For simplicity I used only a max_len of 2, if you want to see more than two
items you can channge this rule"""
x = apriori(onehot_basket, min_support=.001,max_len=2,use_colnames=True)
#take a look at the help for ways we can use this function
df_rules = association_rules(x, metric="lift", min_threshold=1)
#take a look
df_rules
Interpreting Metrics
We have a lot of of metrics in the data frame above and is important to understand this metrics and how to get insight from it.
Support allows us to see how often the basket occurs. We don’t want to waste our time promoting strong links between items if only a few people buy them.
Confidence allows us to see the strength of the rule. What proportion of transactions with our first item also contain the other item (or items)? For example, how true are both items (beef and brown bread) occurred in a transaction together
Lift can be interpreted a measure of how much we potentially drive up the sales of the consequent by the relationship? In theory it can be seen as proportional to the increase of sales of the antecedent. For any value higher than 1, lift shows that there is actually an association Higher Values has generally stronger association
Additional Association Rules: Leverage and Conviction are less common options for assessing the strength of the co-occurrence relationship.

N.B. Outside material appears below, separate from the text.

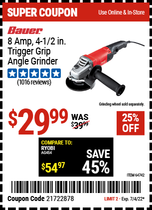 BAUER 8 AMP, 4-1/2 IN. TRIGGER-GRIP ANGLE GRINDER Lot No. 64742 Expired: 7/4/22 - $29.99 Coupon Code: '21722878'
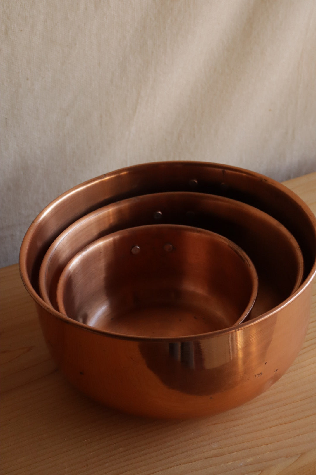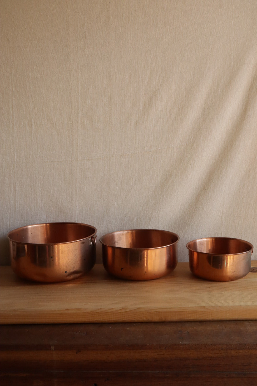 Set of 3 copper mixing nesting bowls. Made in Taiwan. Some patina, and dents, see photos.

Leverage computes the difference between the observed frequency of X and Y appearing together and the frequency that would be expected if X and Y were independent. A leverage value of 0 indicates independence.
The rationale in a sales setting is to find out how many more units (items X and Y together) are sold than expected from the independent sales.
Conviction looks at the ratio of the expected frequency that the rule makes an incorrect prediction if X and Y were independent, divided by the observed frequency of incorrect predictions.This is how strongly consequents depend on antecedent. For example, if a customer does not buy beef, they will not buy brown bread.
Let’s take a look at some insight by products by sorting the top 5 items that are shop together
#sort the rules by support
df_rules.sort_values(by='support',ascending = False).head()
The product sausage an soda are the items with the higher support. Lets take a look Sausage to gain more this insight can be applied to any products but for simplicity I will only do one.
#Sort the dataset
sausage_insight = df_rules[df_rules['consequents'].astype(str).str.contains('sausage')]
sausage_insight = milk_insight.sort_values(by=['lift'],ascending = [False]).reset_index(drop = True)
sausage_insight.head()
We can observe that beverage,curd,frozen vegetables,bottled beer, and yogurt drive the sales of sausage. Running promos and discount on these items can increase sales for sausages. This can be good insight if sausages are at the end of life and the stores want to get rid of them.
df
df_rules.sort_values(by=['lift'],ascending = [False]).reset_index(drop = True).head(10)
Lastly, I want to get insight of the products that have a high confidence and the highest lift scores.
# lets check some basic stats of our rules.
df_rules.describe()
#sort by confidence and then lift
df_rules.sort_values(['confidence', 'lift'], ascending=[False,False ], inplace=True)
df_rules.head(10)
Findings and Conclusions
From the above we can observe the following:
- Whole milk, rolls/buns and other vegetables tend to be frequently add on items.
- We can place consequent items if possible next to the antecedent items to drive sales.
- For items that can be place next to each other , like detergent and whole milk we can make sure that the layout of the stores are close to each others. .
Using Apriori algorithm is a very useful technique to find associations between items. In addition, They are easy to implement and explain. However for more complex insights, such as the ones been used by Amazon, Google, Netflix we can use recommendation systems.